Mieszkańcy Zgorzelca chcą powrotu straży miejskiej
Po blisko dziesięciu latach od likwidacji straży miejskiej temat jej powrotu ponownie pojawił się w przestrzeni publicznej. Mieszkańcy Zgorzelca, zaniepokojeni rosnącymi problemami z parkowaniem, porządkiem oraz brakami kadrowymi w policji, złożyli petycję o reaktywację formacji. Rada Miasta poparła inicjatywę jednogłośnie — to jednak dopiero początek całego procesu.
Burmistrz Zgorzelca, Rafał Gronicz, nie kryje, że sam widziałby w mieście ponowną obecność strażników, lecz podkreśla, iż największą barierą okazują się koszty. Na stole pojawił się jednak nowy pomysł, który mógłby zwiększyć szanse na realizację projektu. Gmina wiejska Zgorzelec rozważa bowiem współpracę i współfinansowanie pierwszej w Polsce straży miejsko-gminnej.

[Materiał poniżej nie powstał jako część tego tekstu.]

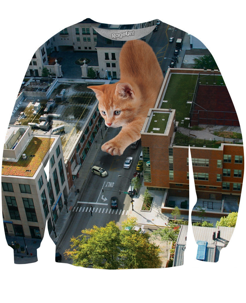 It's a bird, it's a plane, it's our Catzilla Crewneck Sweatshirt! The cuddly kitten on this sexy sweater is coming to destroy your town and steal your heart! This adorable, all-over print kitty jumper is available now!!, so get yours today!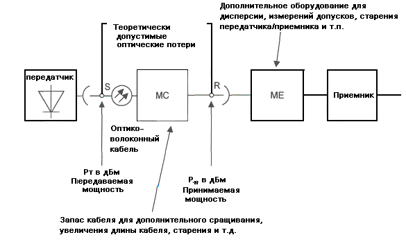 На рисунке 5.1 представлена структурная схема тракта, в соответствии с которой определяются параметры того или иного оптического интерфейса.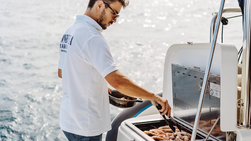 L’hôtesse est la garante de votre confort au quotidien. Elle s’assure que le carré reste impeccable, prépare vos petits-déjeuners ainsi que des déjeuners légers et frais aux saveurs méditerranéennes. Elle assure également le service des boissons et vous assiste dans l’organisation de vos escales à terre.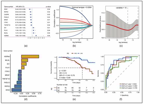 Construction of a multiple gene signature: (a) hazard ratio (HR) with the 95% confidence interval (CI) and the resulting p-value of the 11 prognosis-associated necroptosis genes identified with univariate Cox analysis; (b) change trajectories of each independent gene variable; (c) CIs in relation to each lambda; (d) correlation coefficients for each of the remaining ten genes; (e) KM survival curves for high-risk group (HRG) and low-risk group (LRG) regarding the risk score (RS) in the training set; (f) time-dependent receiver operating characteristic (ROC) curves in the training set and their resulting areas under the curve (AUC).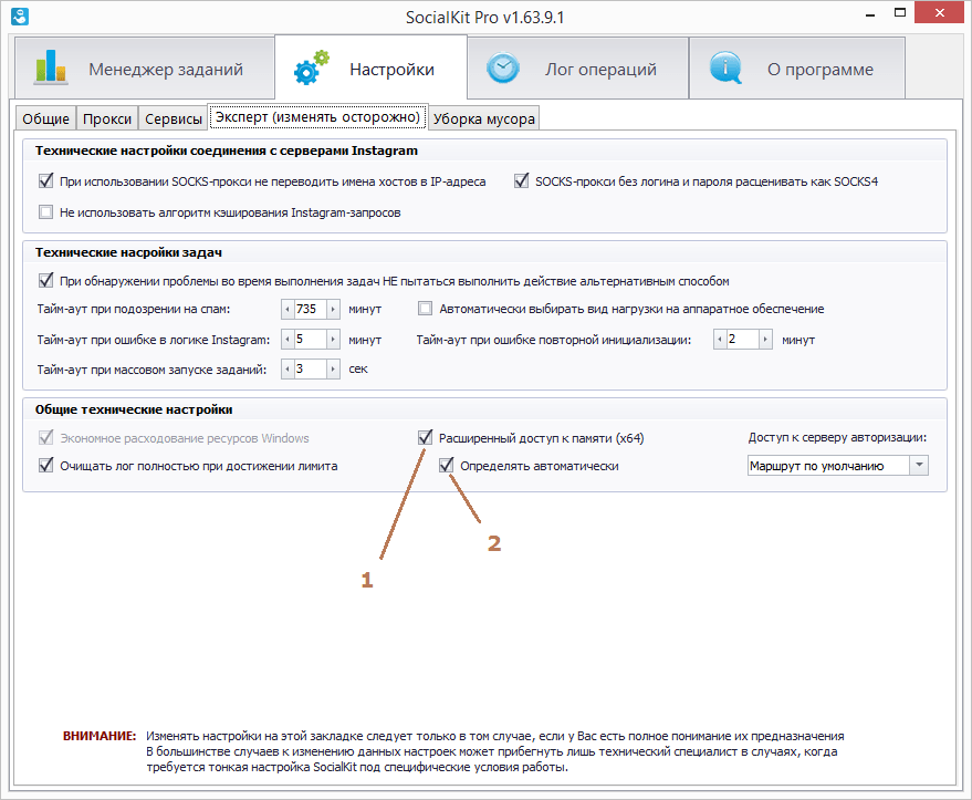 SocialKit при запуске анализирует разрядность операционной системы Windows. Если обнаруживается возможность расширенного доступа к памяти, то программа автоматически переводится в режим расширенного доступа к ОЗУ, что дает существенно большие возможности в резервировании памяти для тех или иных операций. Это позволит больше нагружать программу и реже сталкиваться с ошибкой «Out of memory».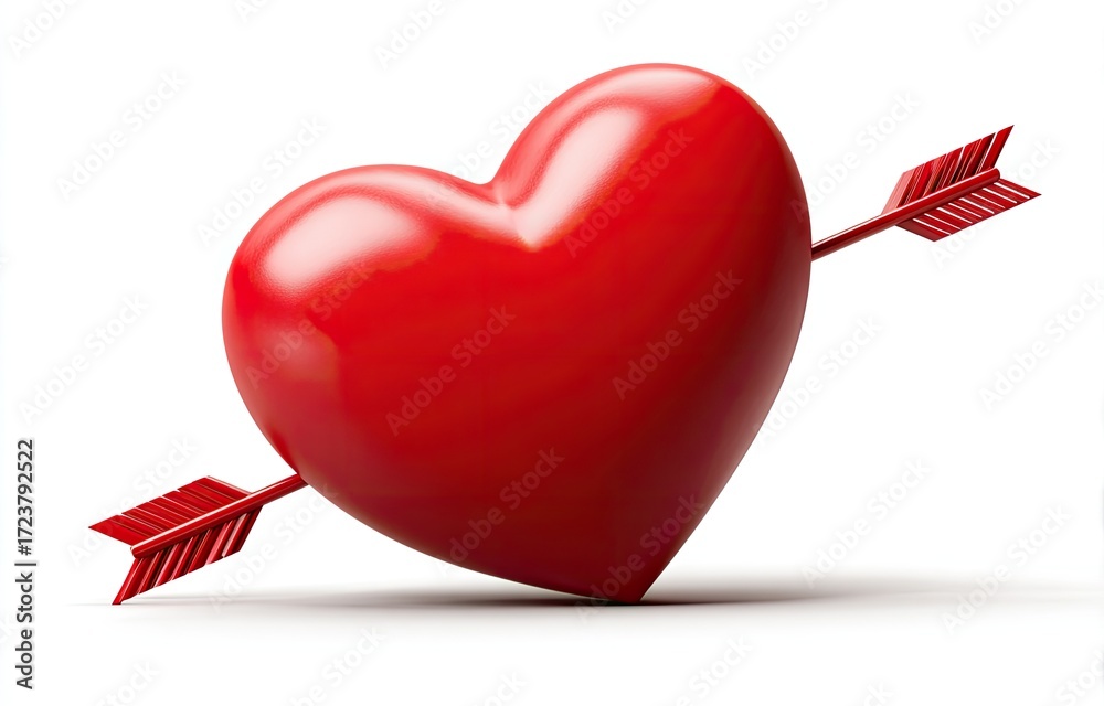 A glossy vibrant red heart pierced by a red arrow Wallpaper

Według wstępnych założeń miasto miałoby finansować trzech strażników, a gmina – dwóch. Władze obu samorządów podkreślają jednak, że decyzje będą zależały od ostatecznych wyliczeń i możliwości budżetowych.
W zgłoszonych postulatach mieszkańcy wskazują szereg problemów, które w ich ocenie wymagają częstszej i szybszej interwencji: łamanie zasad parkowania i blokowanie dróg, niszczenie terenów zielonych, nielegalne wysypiska śmieci, spalanie odpadów w domowych piecach, nocne zakłócanie porządku, szczególnie m.in. w rejonie Parku Paderewskiego.

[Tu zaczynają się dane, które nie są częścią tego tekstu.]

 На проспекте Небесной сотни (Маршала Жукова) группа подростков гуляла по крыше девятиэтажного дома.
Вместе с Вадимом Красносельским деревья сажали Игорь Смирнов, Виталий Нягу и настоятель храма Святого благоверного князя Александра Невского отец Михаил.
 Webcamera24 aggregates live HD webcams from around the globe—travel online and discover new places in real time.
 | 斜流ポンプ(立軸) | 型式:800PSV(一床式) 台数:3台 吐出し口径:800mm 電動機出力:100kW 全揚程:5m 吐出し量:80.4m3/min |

Część zgorzelczan uważa, że policja — choć reaguje — nie jest w stanie poradzić sobie ze wszystkimi zgłoszeniami. Statystyki pokazują, że problem jest realny — w zgorzeleckiej policji na ponad 230 etatów pozostaje prawie 80 wakatów. Choć mieszkańcy liczą na szybkie działania, władze studzą emocje. Procedury, planowanie finansowe i ewentualna współpraca z gminą sprawiają, że najwcześniej nowa formacja mogłaby powstać za około dwa lata.